§ **The problem**: In the data that follows, find the line with "Gambar 3. Tepung Forte"; transcribe it, every later line up to the one with "C'est par une", and that line as well, exactly and with no others.

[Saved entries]

-=-=-=-=-

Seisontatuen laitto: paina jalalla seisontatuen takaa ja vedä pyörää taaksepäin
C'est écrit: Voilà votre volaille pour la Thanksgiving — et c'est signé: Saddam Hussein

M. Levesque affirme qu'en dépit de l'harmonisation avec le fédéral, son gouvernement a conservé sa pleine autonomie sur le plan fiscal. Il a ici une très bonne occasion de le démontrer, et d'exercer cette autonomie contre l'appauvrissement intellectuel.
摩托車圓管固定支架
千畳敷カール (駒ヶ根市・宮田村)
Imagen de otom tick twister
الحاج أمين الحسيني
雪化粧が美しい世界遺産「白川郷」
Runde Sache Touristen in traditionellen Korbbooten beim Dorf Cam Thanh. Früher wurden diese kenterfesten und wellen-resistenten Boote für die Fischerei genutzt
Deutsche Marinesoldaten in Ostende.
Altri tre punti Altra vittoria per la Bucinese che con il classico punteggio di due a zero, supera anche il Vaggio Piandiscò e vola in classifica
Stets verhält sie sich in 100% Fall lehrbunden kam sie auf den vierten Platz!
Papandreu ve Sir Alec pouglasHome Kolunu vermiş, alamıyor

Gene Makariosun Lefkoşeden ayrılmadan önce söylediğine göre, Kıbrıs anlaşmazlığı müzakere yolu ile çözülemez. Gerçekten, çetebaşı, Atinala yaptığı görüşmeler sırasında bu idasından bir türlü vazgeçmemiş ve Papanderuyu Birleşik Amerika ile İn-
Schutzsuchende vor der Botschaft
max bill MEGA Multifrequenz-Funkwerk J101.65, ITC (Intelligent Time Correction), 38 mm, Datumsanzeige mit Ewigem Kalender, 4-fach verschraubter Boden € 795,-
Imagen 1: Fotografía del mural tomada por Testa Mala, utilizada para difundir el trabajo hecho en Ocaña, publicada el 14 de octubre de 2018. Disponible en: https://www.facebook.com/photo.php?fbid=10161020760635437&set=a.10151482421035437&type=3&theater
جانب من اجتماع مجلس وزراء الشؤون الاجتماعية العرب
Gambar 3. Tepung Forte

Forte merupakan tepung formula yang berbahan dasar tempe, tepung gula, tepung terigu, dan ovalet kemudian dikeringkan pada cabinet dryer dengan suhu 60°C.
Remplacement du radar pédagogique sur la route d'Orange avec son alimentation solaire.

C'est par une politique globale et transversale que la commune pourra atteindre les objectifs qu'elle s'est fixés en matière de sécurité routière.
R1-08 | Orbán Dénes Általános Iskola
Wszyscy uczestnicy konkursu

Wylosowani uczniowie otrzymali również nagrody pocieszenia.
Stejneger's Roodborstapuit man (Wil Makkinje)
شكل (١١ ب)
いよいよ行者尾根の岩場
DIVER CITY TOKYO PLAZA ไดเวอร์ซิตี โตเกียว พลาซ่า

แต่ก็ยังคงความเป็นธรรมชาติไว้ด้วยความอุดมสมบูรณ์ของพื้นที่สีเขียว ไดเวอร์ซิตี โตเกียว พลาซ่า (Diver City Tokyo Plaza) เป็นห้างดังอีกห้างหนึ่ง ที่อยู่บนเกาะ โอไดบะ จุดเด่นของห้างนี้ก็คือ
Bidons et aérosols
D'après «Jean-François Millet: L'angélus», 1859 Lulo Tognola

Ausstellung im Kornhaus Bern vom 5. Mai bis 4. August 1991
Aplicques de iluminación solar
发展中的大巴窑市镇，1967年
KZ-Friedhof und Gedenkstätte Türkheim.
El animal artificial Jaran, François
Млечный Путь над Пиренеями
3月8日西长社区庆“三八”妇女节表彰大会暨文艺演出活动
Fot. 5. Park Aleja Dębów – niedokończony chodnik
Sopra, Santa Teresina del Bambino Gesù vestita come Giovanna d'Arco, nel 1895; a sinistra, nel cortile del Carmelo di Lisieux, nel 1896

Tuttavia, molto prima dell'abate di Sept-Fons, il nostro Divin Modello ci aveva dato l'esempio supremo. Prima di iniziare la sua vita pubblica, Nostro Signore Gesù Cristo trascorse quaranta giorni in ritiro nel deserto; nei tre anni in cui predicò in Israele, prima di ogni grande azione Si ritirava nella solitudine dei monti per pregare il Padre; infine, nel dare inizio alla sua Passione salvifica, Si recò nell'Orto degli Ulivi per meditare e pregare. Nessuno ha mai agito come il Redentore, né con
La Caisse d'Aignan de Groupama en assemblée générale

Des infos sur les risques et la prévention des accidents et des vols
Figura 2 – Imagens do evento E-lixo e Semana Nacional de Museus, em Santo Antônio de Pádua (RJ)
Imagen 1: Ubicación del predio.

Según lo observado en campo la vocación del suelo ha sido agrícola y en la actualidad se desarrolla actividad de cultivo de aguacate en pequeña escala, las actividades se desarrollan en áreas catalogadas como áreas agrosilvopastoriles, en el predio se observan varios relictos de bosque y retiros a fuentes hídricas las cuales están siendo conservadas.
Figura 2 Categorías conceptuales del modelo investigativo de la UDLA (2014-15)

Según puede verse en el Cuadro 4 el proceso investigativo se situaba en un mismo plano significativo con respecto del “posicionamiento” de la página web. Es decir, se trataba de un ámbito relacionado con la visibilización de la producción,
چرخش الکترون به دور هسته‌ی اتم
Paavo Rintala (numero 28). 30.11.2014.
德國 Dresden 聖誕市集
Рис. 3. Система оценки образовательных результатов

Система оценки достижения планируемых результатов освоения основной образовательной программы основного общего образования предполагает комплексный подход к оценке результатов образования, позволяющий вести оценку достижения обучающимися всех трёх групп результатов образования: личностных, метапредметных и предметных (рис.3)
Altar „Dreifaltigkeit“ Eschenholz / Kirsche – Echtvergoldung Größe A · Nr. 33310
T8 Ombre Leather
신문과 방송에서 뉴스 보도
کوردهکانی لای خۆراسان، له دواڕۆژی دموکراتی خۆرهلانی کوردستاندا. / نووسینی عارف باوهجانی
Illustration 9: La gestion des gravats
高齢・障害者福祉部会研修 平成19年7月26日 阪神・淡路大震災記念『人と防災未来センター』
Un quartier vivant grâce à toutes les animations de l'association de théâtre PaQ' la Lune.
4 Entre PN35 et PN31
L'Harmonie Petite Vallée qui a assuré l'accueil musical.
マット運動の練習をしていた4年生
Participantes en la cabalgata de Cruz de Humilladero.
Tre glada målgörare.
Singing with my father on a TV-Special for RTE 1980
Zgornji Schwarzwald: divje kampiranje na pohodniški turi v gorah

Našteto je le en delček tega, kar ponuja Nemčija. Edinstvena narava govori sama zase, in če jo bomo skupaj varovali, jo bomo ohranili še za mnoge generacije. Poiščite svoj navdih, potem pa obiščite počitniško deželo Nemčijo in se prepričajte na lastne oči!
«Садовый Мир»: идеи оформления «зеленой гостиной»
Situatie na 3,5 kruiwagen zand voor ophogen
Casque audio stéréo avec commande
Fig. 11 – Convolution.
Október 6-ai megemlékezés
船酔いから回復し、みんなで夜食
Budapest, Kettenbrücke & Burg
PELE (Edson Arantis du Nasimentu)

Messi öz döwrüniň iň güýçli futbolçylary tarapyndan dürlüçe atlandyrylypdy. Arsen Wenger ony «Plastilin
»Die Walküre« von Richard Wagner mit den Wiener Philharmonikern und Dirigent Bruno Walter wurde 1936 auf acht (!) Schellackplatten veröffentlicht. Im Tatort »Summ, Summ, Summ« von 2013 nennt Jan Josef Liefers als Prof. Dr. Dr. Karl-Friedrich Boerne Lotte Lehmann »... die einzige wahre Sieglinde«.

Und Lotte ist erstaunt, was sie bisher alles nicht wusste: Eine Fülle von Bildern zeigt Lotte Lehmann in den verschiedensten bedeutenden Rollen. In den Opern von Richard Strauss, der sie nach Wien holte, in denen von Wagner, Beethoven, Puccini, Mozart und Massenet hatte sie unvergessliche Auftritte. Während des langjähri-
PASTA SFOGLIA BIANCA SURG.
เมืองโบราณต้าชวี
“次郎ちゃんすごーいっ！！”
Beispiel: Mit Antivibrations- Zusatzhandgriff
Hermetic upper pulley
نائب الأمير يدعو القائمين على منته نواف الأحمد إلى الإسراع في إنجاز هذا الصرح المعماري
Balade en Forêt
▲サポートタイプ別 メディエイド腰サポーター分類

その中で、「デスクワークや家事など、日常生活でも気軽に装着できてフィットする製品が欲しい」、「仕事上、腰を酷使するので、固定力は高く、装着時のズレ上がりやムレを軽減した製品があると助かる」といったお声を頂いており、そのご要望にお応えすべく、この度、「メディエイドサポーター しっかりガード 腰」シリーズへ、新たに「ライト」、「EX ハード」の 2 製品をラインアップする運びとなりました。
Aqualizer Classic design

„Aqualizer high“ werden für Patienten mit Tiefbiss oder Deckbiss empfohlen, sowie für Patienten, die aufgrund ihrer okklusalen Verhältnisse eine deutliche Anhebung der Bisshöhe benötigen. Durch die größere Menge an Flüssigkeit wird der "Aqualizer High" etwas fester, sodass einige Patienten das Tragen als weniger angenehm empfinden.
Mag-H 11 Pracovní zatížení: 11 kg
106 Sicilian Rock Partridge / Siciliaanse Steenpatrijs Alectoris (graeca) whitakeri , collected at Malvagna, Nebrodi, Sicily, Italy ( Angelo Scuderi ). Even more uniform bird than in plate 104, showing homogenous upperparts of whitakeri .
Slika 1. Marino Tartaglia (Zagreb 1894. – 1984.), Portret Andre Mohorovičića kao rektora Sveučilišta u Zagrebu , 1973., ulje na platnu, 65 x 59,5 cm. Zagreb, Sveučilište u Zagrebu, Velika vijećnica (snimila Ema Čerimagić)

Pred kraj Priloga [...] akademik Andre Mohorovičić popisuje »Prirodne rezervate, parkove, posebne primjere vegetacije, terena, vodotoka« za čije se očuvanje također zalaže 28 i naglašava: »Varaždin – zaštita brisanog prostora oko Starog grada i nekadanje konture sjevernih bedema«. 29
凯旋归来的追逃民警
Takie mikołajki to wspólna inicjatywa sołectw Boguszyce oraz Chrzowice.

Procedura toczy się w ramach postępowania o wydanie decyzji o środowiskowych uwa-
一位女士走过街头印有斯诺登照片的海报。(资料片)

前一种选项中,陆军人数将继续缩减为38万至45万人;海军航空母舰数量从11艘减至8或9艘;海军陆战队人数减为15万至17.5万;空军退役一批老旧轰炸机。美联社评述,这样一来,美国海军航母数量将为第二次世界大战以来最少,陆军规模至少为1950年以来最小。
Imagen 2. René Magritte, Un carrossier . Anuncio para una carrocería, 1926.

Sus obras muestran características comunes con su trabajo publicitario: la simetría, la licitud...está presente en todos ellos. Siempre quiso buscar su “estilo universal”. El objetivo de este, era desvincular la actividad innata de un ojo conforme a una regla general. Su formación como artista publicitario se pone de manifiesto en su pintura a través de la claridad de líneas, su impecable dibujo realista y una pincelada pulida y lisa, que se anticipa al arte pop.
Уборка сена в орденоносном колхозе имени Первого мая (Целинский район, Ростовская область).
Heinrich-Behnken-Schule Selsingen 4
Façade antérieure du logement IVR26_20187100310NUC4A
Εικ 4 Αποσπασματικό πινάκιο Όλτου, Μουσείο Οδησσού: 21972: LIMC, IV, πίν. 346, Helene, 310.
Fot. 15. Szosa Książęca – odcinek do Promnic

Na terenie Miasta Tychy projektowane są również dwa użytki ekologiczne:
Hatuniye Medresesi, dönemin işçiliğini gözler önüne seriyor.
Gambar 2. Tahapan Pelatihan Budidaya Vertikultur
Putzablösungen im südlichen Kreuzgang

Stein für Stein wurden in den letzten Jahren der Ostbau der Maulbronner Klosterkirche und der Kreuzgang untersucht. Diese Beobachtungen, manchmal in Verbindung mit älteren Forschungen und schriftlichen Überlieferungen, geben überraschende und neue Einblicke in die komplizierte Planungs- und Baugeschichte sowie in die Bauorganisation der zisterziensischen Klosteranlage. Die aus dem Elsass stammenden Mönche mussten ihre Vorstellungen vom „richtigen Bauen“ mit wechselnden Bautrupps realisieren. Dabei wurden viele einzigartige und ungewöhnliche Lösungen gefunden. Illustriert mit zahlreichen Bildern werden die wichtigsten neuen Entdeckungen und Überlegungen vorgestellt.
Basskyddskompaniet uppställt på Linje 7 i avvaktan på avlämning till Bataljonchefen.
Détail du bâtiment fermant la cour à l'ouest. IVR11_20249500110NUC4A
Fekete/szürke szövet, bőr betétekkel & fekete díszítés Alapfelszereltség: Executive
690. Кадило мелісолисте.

-=-=-=-=-

§ **Result below**:
Gambar 3. Tepung Forte

Forte merupakan tepung formula yang berbahan dasar tempe, tepung gula, tepung terigu, dan ovalet kemudian dikeringkan pada cabinet dryer dengan suhu 60°C.
Remplacement du radar pédagogique sur la route d'Orange avec son alimentation solaire.

C'est par une politique globale et transversale que la commune pourra atteindre les objectifs qu'elle s'est fixés en matière de sécurité routière.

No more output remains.